Dutschke verwirrt die SPD

Die SPD Friedrichshain-Kreuzberg unterstützt nun doch die Umbenennung der Koch- in Rudi-Dutschke-Straße. Ihre Partei werde sich in den Straßenkampf stürzen, sagt die Bezirkschefin. Nur ihr Fraktionschef im Bezirksparlament weiß davon noch nichts

Von Sebastian Kretz

Rudi Dutschke bringt die SPD gehörig durcheinander. Plötzlich sind zumindest einige Genossen aus Friedrichshain-Kreuzberg dafür, dass Teile der bisherigen Kochstraße nach dem Wortführer der Studentenbewegung benannt wird. „Natürlich haben wir eine Position: Wir sind für die Rudi-Dutschke-Straße“, sagt Bezirksvorsitzende Silke Fischer.

Im Sommer 2005 hatte die SPD-Fraktion im Bezirksparlament noch gegen die Umbenennung gestimmt. Als die CDU Anfang 2006 ein Bürgerbegehren startete, hatten die Sozialdemokraten sich aus der Diskussion zurückgezogen. Jetzt steht die Abstimmung bevor: Am 21. Januar entscheiden Kreuzberger und Friedrichshainer über die Umbenennung.

Doch so klar ist die SPD-Linie nicht, vielmehr geht es drunter und drüber. Während die Sozialdemokraten laut Fischer vorhaben, Friedrichshainer und Kreuzberger auf der Straße zu überzeugen und sich mit mit Infoständen „aktiv“ an dem beginnenden Straßenkampf zu beteiligen, sagt Andy Hehmke, der Fraktionsvorsitzende der SPD im Bezirksparlament: „Es sind keine konkreten Aktionen geplant.“ Die Mehrheit der BVV-Mitglieder sei zwar für die Umbenennung, das seit Dezember 2004 andauernde Verfahren halte er jedoch für „unwürdig“. Hehmke: „Die zwei Jahre hätte man sich sparen können.“

Die taz hatte vor zwei Jahren vorgeschlagen, die Straße im alten Zeitungsviertel nach dem Wortführer der Studentenbewegung zu benennen. Bald hatten alle Parteien eine Position: Die PDS übernahm die Initiative und brachte sie als Eilantrag in die Bezirksverordnetenversammlung (BVV) Friedrichshain-Kreuzberg ein. Die Grünen schlossen sich an, die CDU war dagegen.

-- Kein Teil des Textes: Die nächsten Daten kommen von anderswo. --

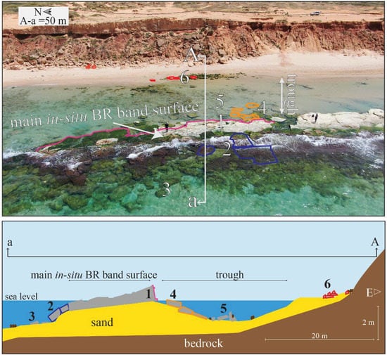 The beach of Atlit Bay (50–150 m wide) separates the Bay and Dor trough (situated between the Dor coastal kurkar ridge and the Atlit ridge) in the south and between the Bay and the Megadim trough (situated between the Megadim and Atlit kurkar ridges) on the east. The narrow beach profile (Figure 9) in the Atlit II site is bordered at the backshore by a wall, supporting the terrace of a Crusader cemetery [40]. Toward the south, the beach has been altered by construction. The steep beach profile consists of loose, fine, well-sorted, crushed bioclasts and quartz sand. Storms revealed the BR (Table 1: 27) outcrop (up to 0.2 m thick, of moderate–weak cementation level bed), lying on a dark clay layer [71] and characterized by its surface micro-topography. Furrows cut the BR outcrop surface here. Many fragments of ceramic vessels were found inside BR in this site, including part of a ceramic cone-shaped jar dated to the 7th–8th centuries BC [72] (p. 492) cemented inside the BR bed. The BR band is situated in the upper intertidal zone at about 10–15 m from the shoreline. Detached blocks are piled on top of the outcrop and backshore.
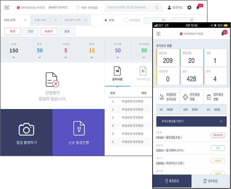 신세계 푸드의 위생 관리 및 생산 공장의 점검 관리를 위한 통합 관리 시스템 개발 사업
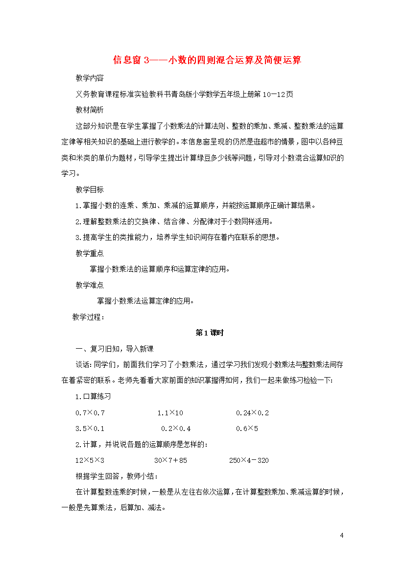 教案-全国-2019_五年级数学上册 第一单元信息窗3《小数的四则混合运算及简便运算》教案 青岛版

Nur die SPD wollte sich schon damals nicht so recht entscheiden. Zwar war der damalige Bildungssenator Klaus Böger für eine Umbenennung, ebenso die Senatorin für Stadtentwicklung, Ingeborg Junge-Reyer. Die SPD Friedrichshain-Kreuzberg knüpfte ihre Zustimmung im Bezirksparlament jedoch an Bedingungen: Erst war sie gegen die komplette Umbenennung der Kochstraße, die mittlerweile vom Tisch ist. Dann hieß es, man müsse zunächst die Bürger befragen. Im August 2005 schloss sich die SPD der CDU-Position gegen die Dutschke-Straße an. In BVV stimmten dennoch einige SPD-Abweichler mit PDS und Grünen für den erfolgreichen Antrag. Als die CDU im Februar 2006 begann, Unterschriften für das Bürgerbegehren zu sammeln, wählte die Bezirks-SPD gerade ihre neue Vorsitzende. Danach hatten die Genossen sich nicht mehr geäußert.

Daran müsse sich auch nichts ändern, meint Canan Bayram, die für die Friedrichshain-Kreuzberger Sozialdemokraten im Abgeordnetenhaus sitzt. „Für die SPD gibt es keine Notwendigkeit, sich zu äußern.“ Im Kreisverband gebe es verschiedene Ansichten, so Bayram. „Ich persönlich werde gegen den Erhalt der Kochstraße stimmen.“ Auch eine Ebene weiter oben, bei der Landes-SPD, übt man sich in vornehmer Zurückhaltung: „Wir haben dazu keine Position, das ist Sache des Bezirks“, so Sprecher Hannes Hönemann.

Hintergrund des Streits in der Bezirks-SPD könnte sein, dass Fischer erst seit Februar dieses Jahres Bezirksvorsitzende ist. Unter ihrer Führung habe sich die Partei auf die neue Linie geeinigt, sagte sie der taz. Damit sich diese Linie auch bei ihren Bezirksverordneten durchsetzt, sollte Fischer ihren ersten Infostand zur Dutschke-Straße vielleicht in der eigenen Fraktion aufbauen.